Otherwise, well, the play is a dog. There’s just no getting around it. Who cares about Norman? (Stephen Mangan, nothing personal, mate, you did your best.) He’s not an interesting character and it’s impossible to believe anyone would want to sleep with him. Yeah, he does do some fairly comic lying and BSing, but he doesn’t seem to have any motivations behind his words or even behind his existence and didn’t seem the least bit believable. In fact, he was every bit as much of a dullard, a fizzless soda, a non-crispy chip, as he was in the horrid video. If only he’d killed himself like he’d been threatening to in the first act the whole thing would have been so much better!
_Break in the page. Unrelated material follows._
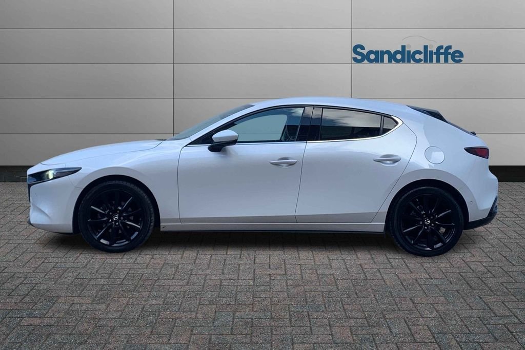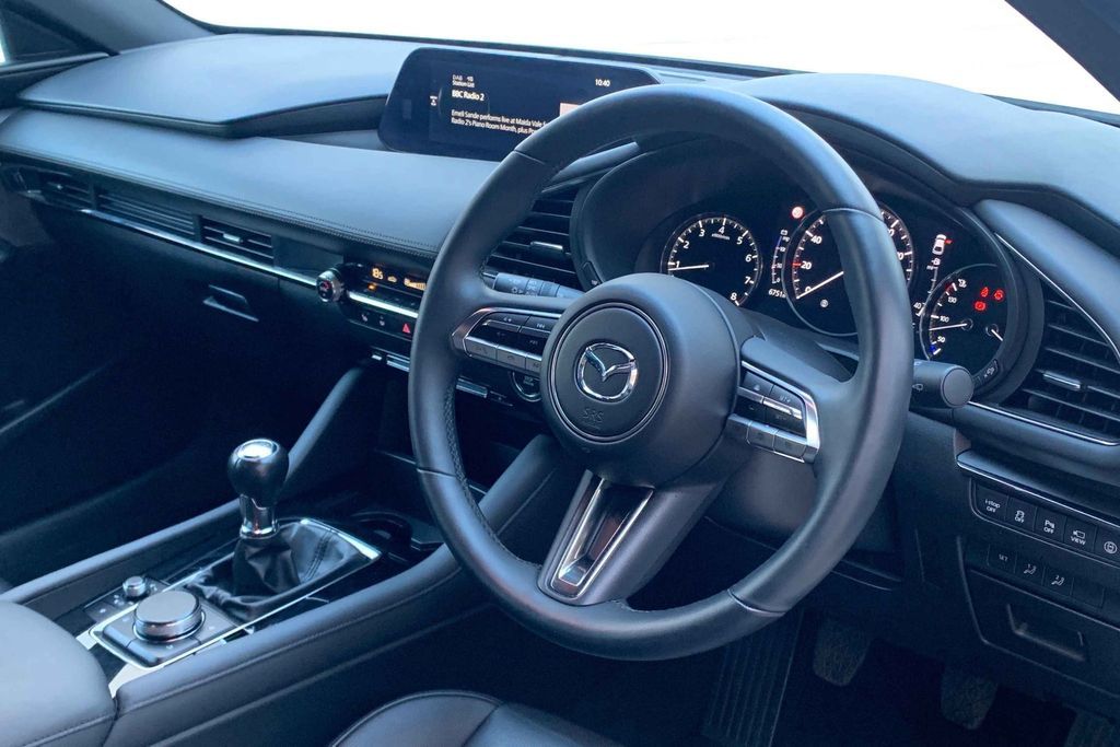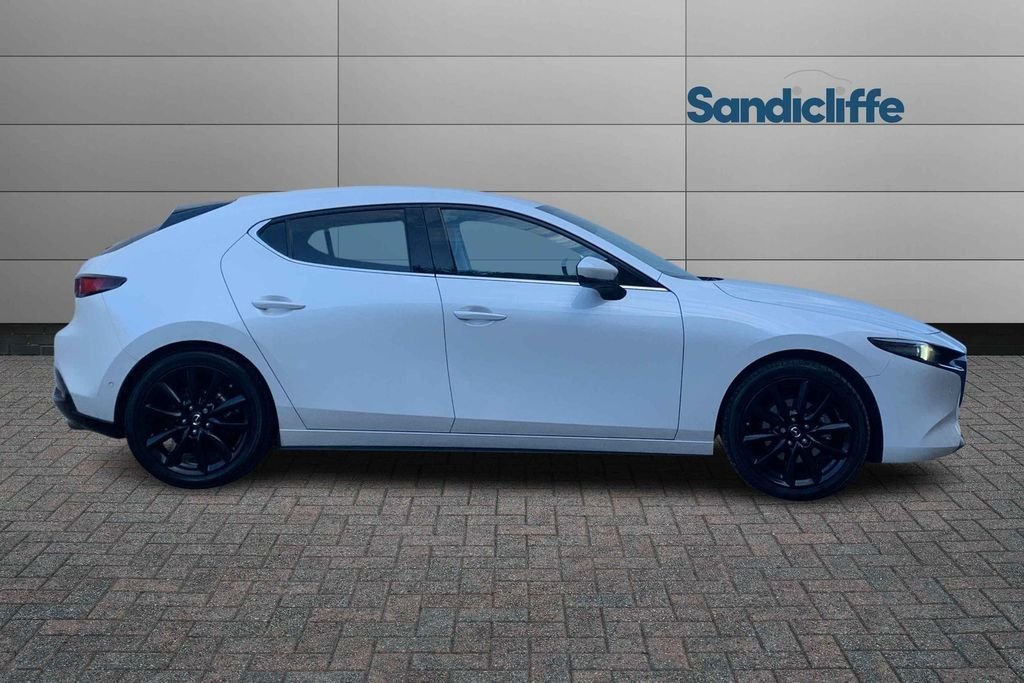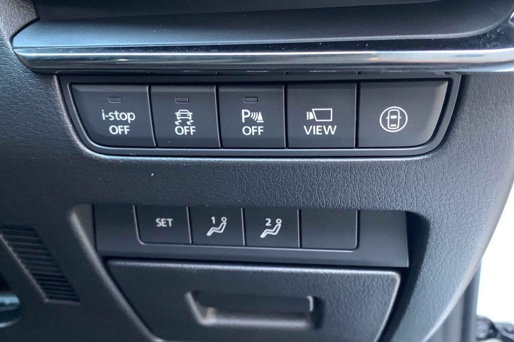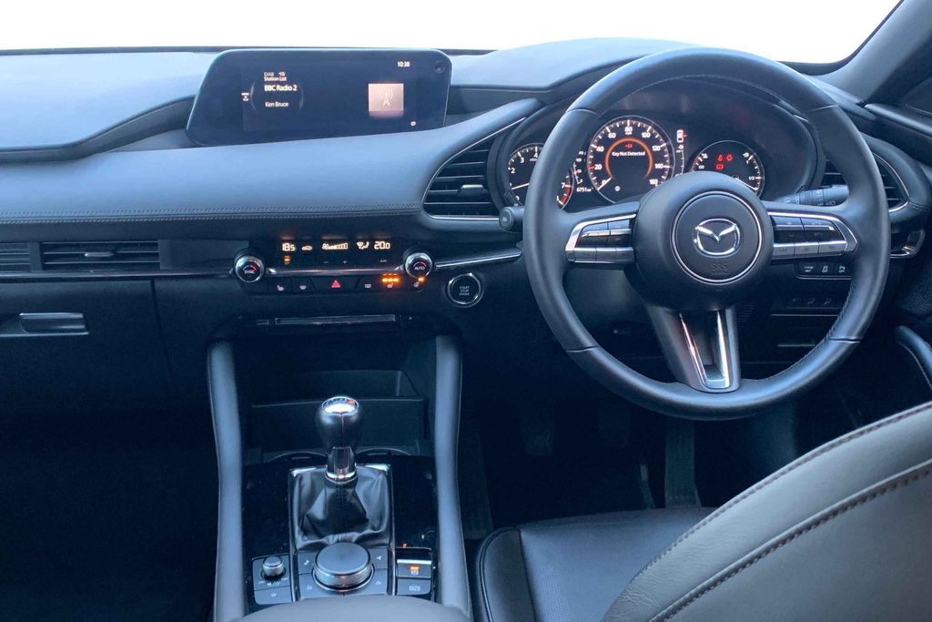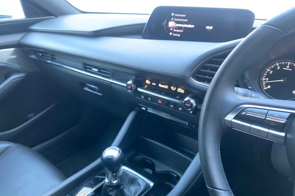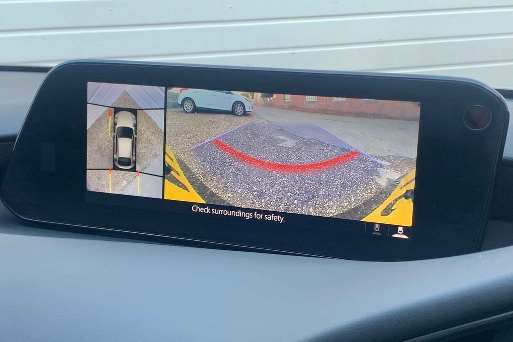18" Black metallic alloy wheels, 3 point ELR front seatbelts with pretensioners, 3 rear 3 point seatbelts with ELR, 360 View Monitor, 60/40 split fold down rear seats, 7" colour TFT display, 8 way power adjustable driver with door mirror memory and active driving display, 8.8" Colour centre touch screen display with Mazda Connect infotainment, Adaptive LED Headlights, Anti-lock braking system (ABS), Apple car play/Android Auto, Audio transfer from bluetooth devices, Auto dimming door mirrors, Auto door lock when driving, Blind spot monitoring with rear cross traffic alert, Chrome centre bezel steering wheel, Chrome-plated glovebox handle, Colour active driving display inc Windscreen projected,Traffic Sign Recognition, turn-by- turn navigation and Mazda Radar Cruise Control information, Coming/leaving home lighting function, Cruising Traffic Support, Dark metallic finish signature wing, Daytime running lights, Digital instrument cluster, Door mirrors with adjustable memory and tilt-down function when reversing, Driver attention alert system with camera, Driver monitoring system, Driver, Front passenger and two rear grab handles with coathooks, Driver/passenger sunvisors + vanity mirrors (drivers side with ticket holder), Drivers knee airbag, DSC - Dynamic Stability Control, Dual front airbags, Dual zone climate control air conditioning, Dusk sensing headlights, E-call with GPS, EBD - Electronic brakeforce distribution, Electric front/rear windows with one touch/auto up/down, Electrical power outlet, Electrically adjustable/heated/auto power folding door mirrors with integrated indicators, Electronic parking brake with auto disengage function and auto hold function, Emergency stop signalling system, Emergency tyre repair kit, Engine start/stop button, Folding rear centre armrest with two cup holders, Frameless auto dimming interior rear view mirror, Front and rear courtesy lamps, Front and rear curtain airbags, Front and rear parking sensors, Front armrest, Front body coloured bumper with black/bright lower bezel, Front centre console with storage box with tray, lid + 2 cupholders, Front Cross Traffic Alert, Front head restraints, Front passenger airbag cut-off switch, Front passengers seat manual slide, recline and height adjustment, Front side airbags, Front smart city brake support, G-Vectoring control plus, Gear shift indicator, Gloss black mesh grille, Gloss black rear roof spoiler, Head up Display, Heated steering wheel, High beam assist, Hill launch assist, Illuminated glovebox, Integrated bluetooth with steering wheel mounted controls, Intelligent speed assist, Intelligent Traction Control system, ISOFIX child seat anchorage points attached on outer rear seats, Lane keep assist system (LAS) with Lane departure warning system (LDWS), Leather wrapped gear shift knob, Leather wrapped steering wheel, LED headlamps with auto levelling, LED indicator lights, LED interior light, LED third brake light, Luggage compartment light, Mazda Multimedia System with AM / FM / DAB radio, single CD / MP3 with 12 Speaker Bose sound system, bose centerpoint, bassmatch+audiopilot technology, Mazda Navigation System with european mapping, Mazda Radar Cruise Control, Mild Hybrid system with regenerative braking, Mobile App interface, Multimedia Commander, PAS, Piano black window garnish, Power driver lumbar adjustment, Privacy glass with dark tinting on rear side windows and rear window, Rain sensing front wipers, Reach adjustable steering wheel, Rear cross traffic braking, Rear fog lights, Rear gloss black lower moulding, Rear smart city brake support, Remote central locking + deadlocks, Reversing camera, Seatbelt reminder for driver/front passenger and rear seats, Service indicator, Signature LED lights, Signature LED rear combination lights with LED rear turn lights, Smart Keyless entry and start, Speed adjustable rear wash wiper with intermittent wipe, Start/stop button chrome surround, Storage - glovebox, driver and front passenger door pockets and roof mounted sunglasses holder, Thatcham accredited alarm and immobiliser, Three height adjustable rear head restraints, Tilt/height adjustable steering wheel, Trip computer, Tyre pressure monitoring system (TPMS), USB charging point

Sadly, many of the doubtlessly undertheatered audience were laughing at the thin humor in this show. Now I’ll admit, the cast was good. In fact, I loved Amanda Root as Sarah, the uptight wife of Reg (Paul Ritter). She was completely inhabiting her anally retentive character, and when she finally flipped out at Annie (Jessica Hynes), I was lapping it up. But what was the point of this show? I was far more interested in the home made games that Reg was describing than anything else going on stage, though I got a little giggle when it became clear that Norman had (insert spoiler here). That said … what is the logic of the mountaineering game? It has sherpas, but what else does it have? Does everyone climb the mountain at the same time? Are there funny costumes to wear like for the cops and robbers games Reg had everyone playing during the first act? How do you win?
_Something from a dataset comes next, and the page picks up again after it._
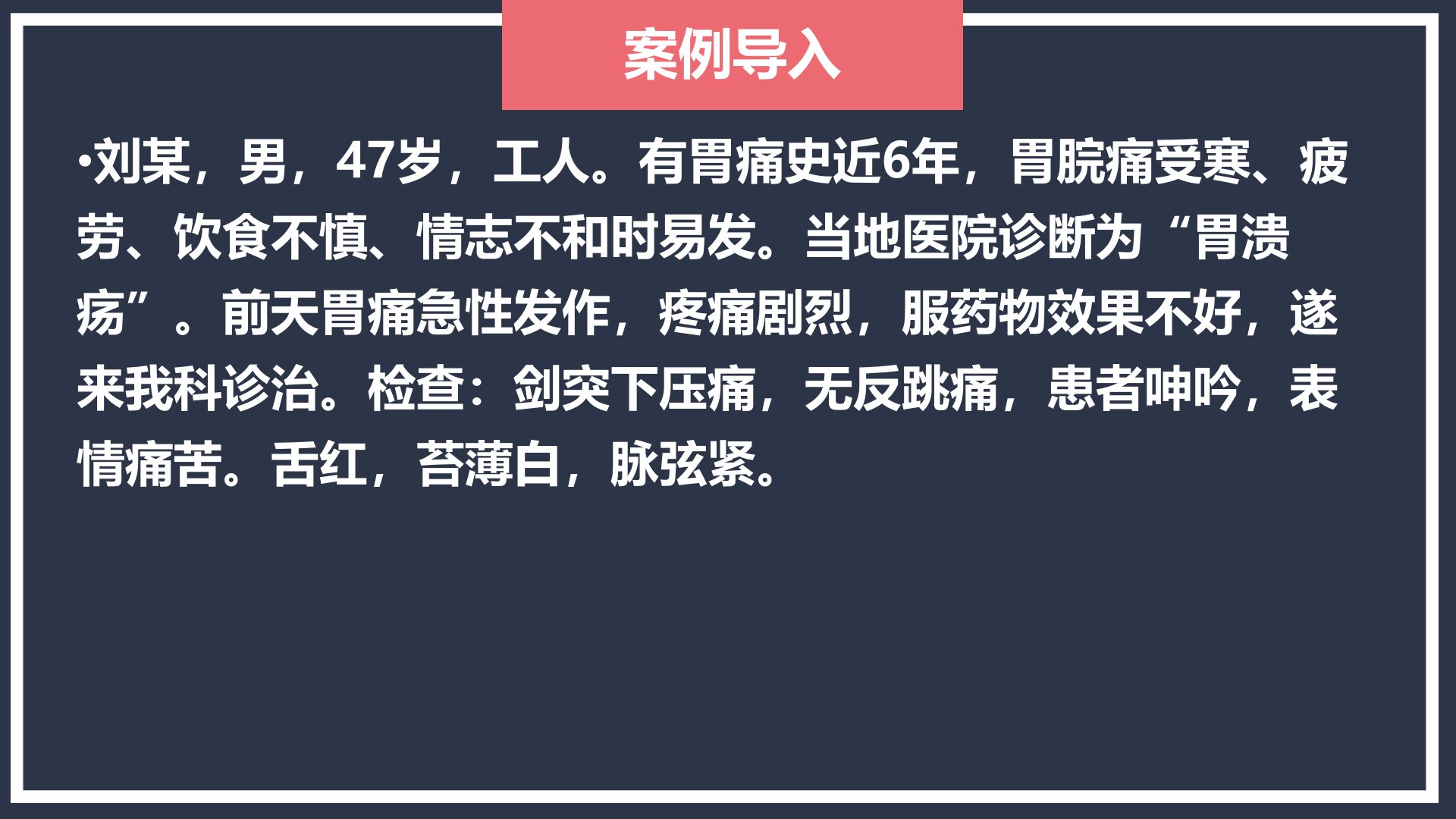 刘某47岁男性工人有6年胃痛史被诊断为“胃溃疡”。近日胃痛急性发作服药无效后前来就诊检查显示剑突下有压痛患者表情痛苦。胃痛又称“胃脘痛”相当于西医学的急慢性胃炎、胃及十二指肠溃疡等多种疾病。胃痛的发生与寒邪客胃、饮食伤胃、肝气犯胃和脾胃虚弱等因素有关基本病机是胃气失和等病位在胃与肝脾关系密切。胃痛主症为上腹胃脘部疼痛辨证分型包括寒邪犯胃、肝胃气滞、胃热炽盛、食滞胃肠、瘀阻胃络、胃阴亏虚、脾胃虚寒等。治疗以和胃止痛为主取胃的募穴、下合穴主穴选中脘、足三里、内关、公孙配穴依证型选择。急性胃痛每日治疗12次慢性胃痛每日或隔日治疗1次。其他疗法包括穴位注射和耳针法。胃下垂多与禀赋不足等因素有关基本病机是脾虚气陷治疗以健脾益气升阳举陷为主。

Now, the gimmick of these three plays (for there are two others) is that they all show different takes on the same weekend (description here). I wish that was an interesting enough reason to see them, but I think there’s a reason these plays haven’t been mounted for 34 years. In short: they are dated and they stink. Please save yourself the trouble and stay at home. Perhaps you too have dishes to wash or even some sleep to catch up on – better to do so in your house than in the deliciously reconfigured confines (and I emphasize “confine”) of the Old Vic.
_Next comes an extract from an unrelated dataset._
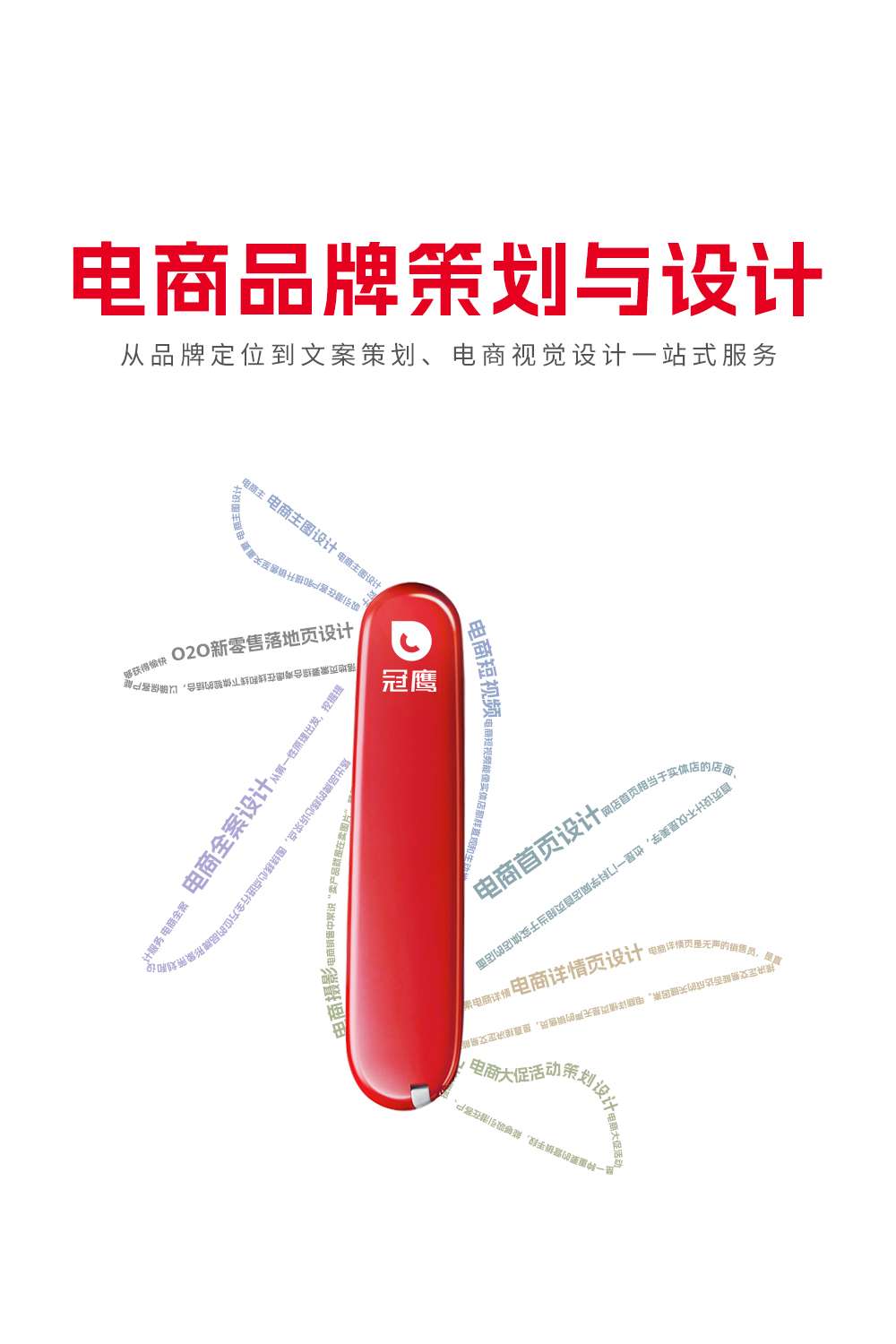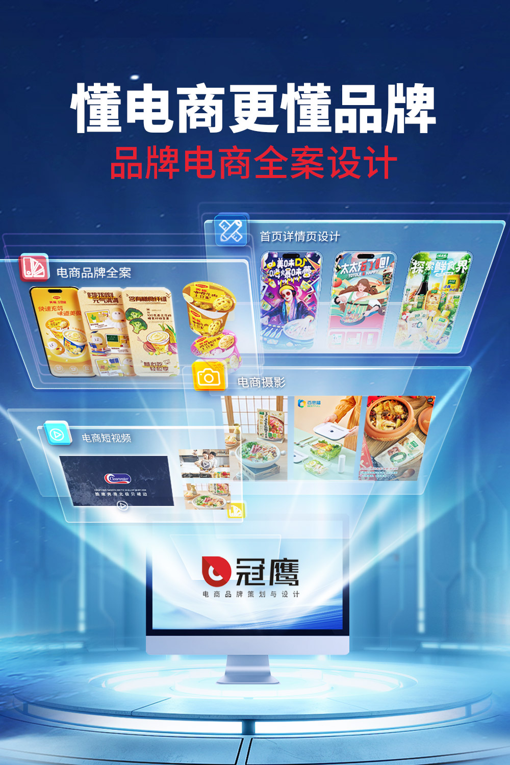 冠鹰拥有一支充满激情、富有经验的电商策划设计团队,用数字化思维构建品牌,透过大数据洞察市场和消费者,设计上我们追求“品效合一”,杜绝浮华创意,为客户提供电商全案、电商设计、商业摄影等设计策划服务,助力品牌在竞争激烈的电商平台中脱颖而出,我们不仅为统一、太太乐、美极、鲁花等多家知名头部品牌提供专业的电商设计服务,也为姿旅、嬏娜、百思福等成长型企业提供量身定制的策划设计服务,凭借多年的电商实战经验,我们将助力更多的电商品牌成为品牌电商!

(This review is for a performance that took place on Tuesday, September 16th, 2008. I have little hope that further performances will improve the script, so consider yourself warned. The Whingers’ take on Norman is also online.)

Review – Pinter’s “A Slight Ache” and “Landscape” – National Theatre

September 16, 2008

I am a big Pinter fan, so there was no doubt in my mind that I was going to be heading to the National to see “A Slight Ache” and “Landscape,” a (second) set of Pinter one act plays (“The Lover” and “The Collection” being the ones I saw and loved earlier this year). But I was shocked to find out that three weeks beforehand, it was already nearly sold out! Who were these maniacs with a strange inclination toward highly modern story telling … in the form of one acts? Well … who knows, but with £10 tickets (in some areas), I wasn’t going to question it too much.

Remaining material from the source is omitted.